Characterization of metabolic gene expression in the RAW 264.7 cell line poster

Research Authorship:

Lauren Macaisa and Judith D. Ochrietor

Faculty Mentor:

Dr. Judith D. Ochrietor | College of Arts and Sciences | Department of Biology


The current study is being conducted to examine transporter proteins on the surface of white blood cells (murine monocyte cell line RAW 246.7), specifically the transporter GLUT1 (an amino acid transporter) in the presence of lipopolysaccharide (LPS). The purpose of this is to analyze metabolism in monocytes because surprisingly little is known about this subject. Cellular metabolism is important because it consists of all the biochemical reactions occurring within cells and thus drives cellular processes and activity. We hypothesize that expression of the GLUT1 transporter will increase in the presence of LPS.

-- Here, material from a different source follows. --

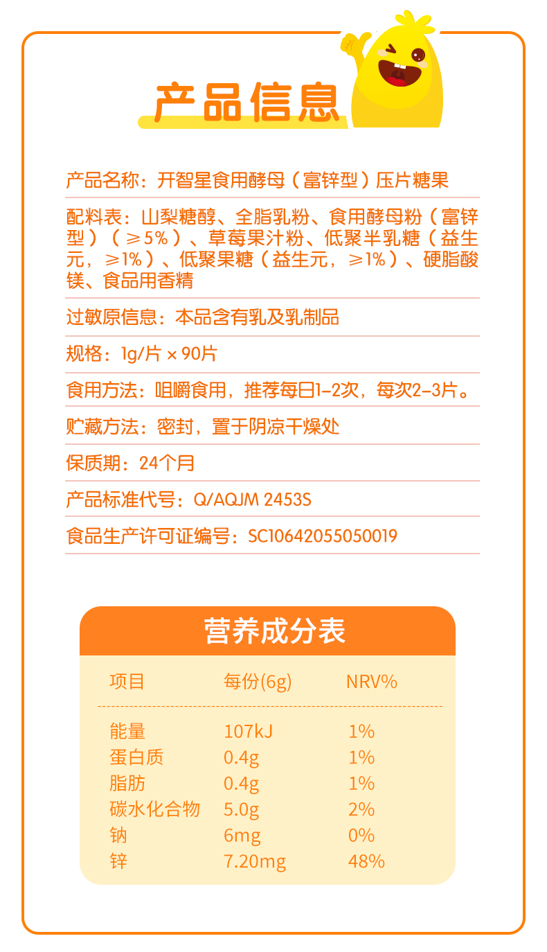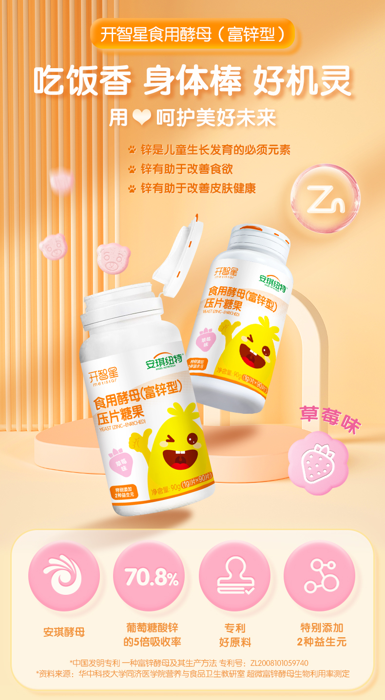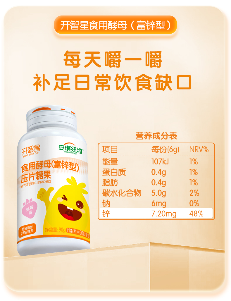 点赞优生活-开智星食用酵母(富锌型)压片糖果1g*90片/瓶

To test this hypothesis, we plated two cell treatments – one control group with PBS and one test group treated with LPS. We analyzed MCT1 activity and GLUT1 activity within the cells by using a laser confluency microscope and fluorescent antibody tags DAPI and Alexa488. Interestingly, MCT1 activity was significantly higher than GLUT1 activity. Furthermore, in the control condition with PBS, activity of MCT1 was higher than activity of GLUT1. In the experimental condition with LPS, relative activity of the transporters was opposite, showing that MCT1 activity was higher and GLUT1 activity was lower. This supports our hypothesis that GLUT1 transporter activity will increase in the presence of LPS compared to the control PBS.